18 de julho de 2012 às 18h29

A mídia, além de negligenciar diversos aspectos relevantes relacionados à greve, como aponta Joana Tavares, falha clamarosomante na abordagem do tema que decidiu privilegiar. Pois, como qualquer analista que se debruçar sobre a proposta do governo há de constatar, o alegado aumento de salário pode inclusive vir a se transformar em decréscimo, a depender da inflação dos três próximos anos, da divisão percentual de aumento entre estes e das datas-bases (recomendo, a propósito, o texto de Sylvia Moretzsohn disponível em meu blog).

A cobertura que a mídia destina à greve fornece, ainda, mais um exemplo de que a oposição simplista entre “PIG” e governo Dilma não é efetiva, como querem alguns. Pois, havendo afinidade de interesses entre mídia corporativa e governo, a imprensa não se furta a se posicionar ao lado deste e contra o servidor. Aí a mídia deixa de ser o malvado PIG e vira jornalismo amigo.

Responder

    Conceição Lemes

    18 de julho de 2012 às 18h44

    Valeu, Maurício. Obrigada pela sugestão.
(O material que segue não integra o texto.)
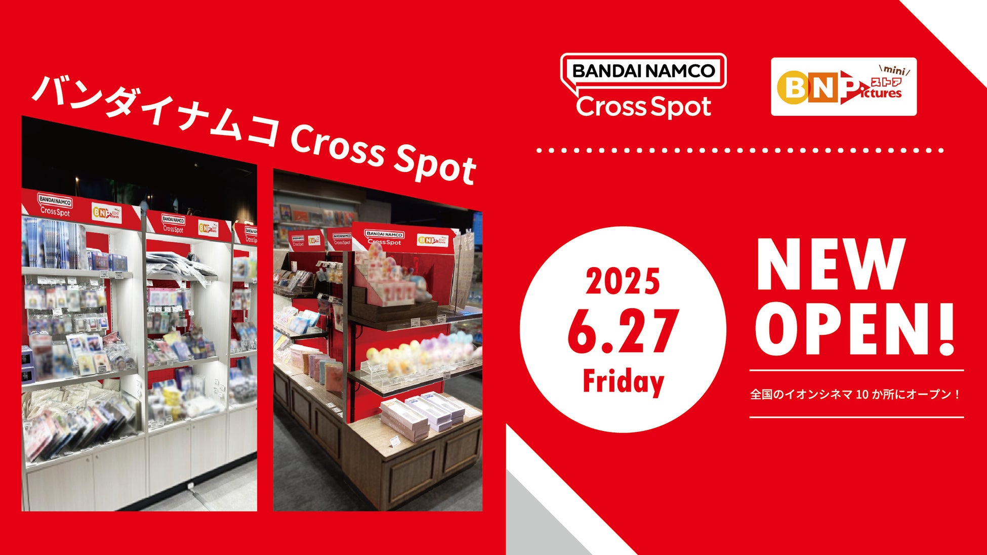 株式会社バンダイナムコエクスペリエンスは、バンダイナムコグループのキャラクターグッズを販売する「バンダイナムコ Cross Spot」を全国のイオンシネマ10か所に2025年6月27日(金)オープンします。

Abração

    Fabio Passos

    19 de julho de 2012 às 07h14

    É nada.
    Aí continua sendo mais PIG do que nunca.
    E o golpe é o mesmo de sempre: Contra os interesses dos trabalhadores brasileiros.

    Sylvia Moretzsohn

    19 de julho de 2012 às 15h20

    Maurício,
    Primeiro, obrigada por divulgar meu artigo, que tem tudo a ver com este agora (aliás, realmente notável esse título do Tempo sobre o salário dos professores, equiparados magicamente à remuneração máxima do Executivo: um primor de mistificação). Concordo inteiramente com a sua observação sobre esse mal-definido PIG, chavão sempre disponível para certa esquerda (ou os partidários cegos deste governo) que têm preguiça de pensar. Esse episódio demonstra cabalmente o que você diz. E não dá pra chamar de PIG a imprensa que, em momentos assim, é tão solidária a quem supostamente pretende derrubar.

josaphat

18 de julho de 2012 às 18h13

A diferença é que o governo aqui é do PT.
É o que estou fartado de dizer: em se tratando de educação, esquerda e direita (se é que existe isso no Brasil) estão de braços e abraços até o juízo final.